Trade-off between Immune Function and Lactation
Reproductive effort, and in particular lactation, is a resource-prioritized process that requires substantial energy and other nutrient resources. The prevalence and intensity of parasitic infection often increases in animals when they are reproducing, which may result from adaptive reallocation of resources in times of increased energetic demand (Deerenberg et al., 1997). Increased brood size resulted in a reduced probability of detecting any immune response against sheep red blood cells in zebra finches (Poephila guttata) in the study of Deerenberg et al. (1997). Verhulst et al. (2005) suggest that zebra finches (Taeniopygia guttata) rearing large broods have lower antibody responses because they economize on the maintenance costs of the immune system. Furthermore, in collared flycatchers (Ficedula albicollis), increased brood size resulted in reduced antibody production when immunized with Newcastle disease virus in the study of Nordling et al. (1998), and in reduced T-cell-mediated immune response when injected with phytohemagglutinin in the study of Moreno et al. (1999).

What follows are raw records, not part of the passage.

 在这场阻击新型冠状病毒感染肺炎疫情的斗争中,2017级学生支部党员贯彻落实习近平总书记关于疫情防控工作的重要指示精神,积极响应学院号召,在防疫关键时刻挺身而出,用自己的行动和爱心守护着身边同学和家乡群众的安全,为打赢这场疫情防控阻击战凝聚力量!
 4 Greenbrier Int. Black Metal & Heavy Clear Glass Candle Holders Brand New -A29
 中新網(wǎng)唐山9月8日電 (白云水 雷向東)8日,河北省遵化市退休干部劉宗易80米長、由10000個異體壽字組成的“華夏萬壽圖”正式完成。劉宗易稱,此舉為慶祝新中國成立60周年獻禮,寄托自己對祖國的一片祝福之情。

Breeding grey partridges (Perdix perdix) immune challenged with Newcastle disease virus laid smaller eggs, suggesting that immune challenge can have physiological consequences in terms of self-maintenance and reproductive allocation to the egg (Cucco et al., 2010).
In several species of mammals, an increasing number of experimental studies indicate that competition for nutrients between the immune system and reproductive effort may result in a peri-parturient breakdown of acquired immunity to parasites (Houdijk et al., 2001). Lactating ewes show an increased fecundity of parasites present and an inhibition of the expulsion of established parasites, while prevention or premature termination of lactation results in the expulsion of established parasites and rejection of newly acquired infection (Shubber et al., 1981). Lactating bighorn ewes had greater faecal counts of lungworm larvae compared with non-lactating females, suggesting that reproduction resulted in a decrease in resistance to parasites and pathogens (Festa-Bianchet, 1989). Ewes that have acquired immunity to nematode infection tend to lose it around the time of parturition and during lactation, and strains of sheep selected for resistance to nematode infection still undergo a peri-parturient loss of immunity (Barger, 1993). However, Xu et al. (2012) showed that immune function is not suppressed to compensate the high energy demands during lactation in Brandt's voles.

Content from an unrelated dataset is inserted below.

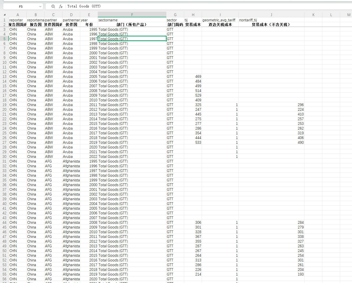 nontariff_tij(贸易成本不含关税):剔除关税后的综合贸易成本,从价等值百分比
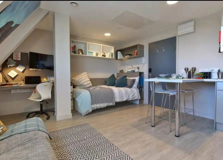 四人间,室友中国女生。有窗户,风景好,房子朝东,夏天非常凉快。楼下就是中超,asda,宜家和主要商业圈。步行十分钟到火车站,做公交车23分钟到南安主校区。

Trade-off between Immune Function and Stress Response
Trade-offs may result from resources that are allocated to deal with external stresses (Svensson et al., 1998). The stress response includes metabolic, energetic, immune, endocrine, neural, and behavioral changes that are aimed at overcoming the stressful situation and compensating for the imbalances produced by the stressor (Selye, 1953; Tort, 2011). Stress, through the action of stress hormones such as glucocorticoids, catecholamines, prolactin, growth hormone and nerve growth factor, has detrimental effects on immune function (Moberg, 2000; Webster Marketon and Glaser, 2008). Cortisol simultaneously makes more glucose available from energy stores and suppresses certain physiological activities such as immune activity and reproduction (Segerstrom, 2007). In addition, the consequences of stress include elevated metabolic costs since energy is needed by the animal to cope with the stress.

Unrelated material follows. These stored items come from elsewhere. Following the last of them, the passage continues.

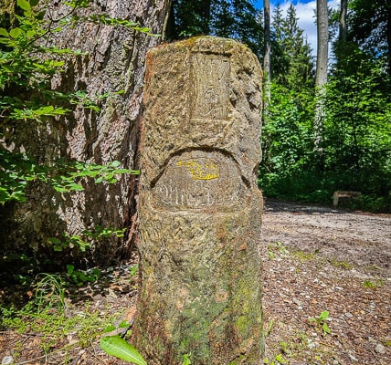 Nach den etwa 1 ¼ Kilometer (und dem schon genannten Weg, der von links unten kommt und „Ihren“ breiten Schotterweg schräg überquert, kommen Sie an die Abzweigung „Rote Marter“, an der – vorne vor dem Baum – auch wieder ein historischer Stein steht (siehe oben im Bildteil). Es ist ein alter, restaurierter Grenzstein, dessen Aufschrift wieder gut lesbar ist. Auf ihm zeigt eine gelbe Hand nach „Altenbanz“. Biegen Sie also auf dem großen Forstweg nach links in Richtung Altenbanz ab.
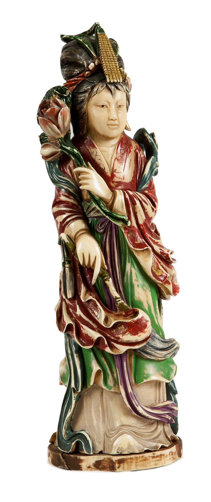 Lot 671 | STATUINA IN AVORIO Statuina in avorio dipinta in policromia, raffigurante una...
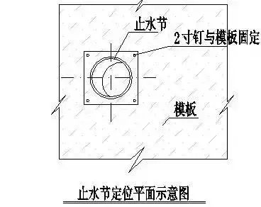 b.用 2 寸钉或铁线将“止水节”按十字线在四角固定,且固定牢靠;

The stress model developed by Moberg (2000) explains the concept of trade-offs between stress and other functions. An animal has a budget of resources that are available to service basal biological functions, in addition, the animal has available a reserve from which it must draw to deal with stress. The biological cost of stress depends on the duration of the stress (acute vs. chronic), the severity of the stressor, and on the number of stressors (or repeated exposure to the same stressor). When the biological cost is met by the reserves, the stressor will have no impact on the other biological functions; however, when there are insufficient biological reserves available, resources must be reallocated away from other biological functions that now become impaired. At this time the animal enters a pre-pathological-pathological state due to a reduction in its physiological state, and experiences distress (Moberg, 2000).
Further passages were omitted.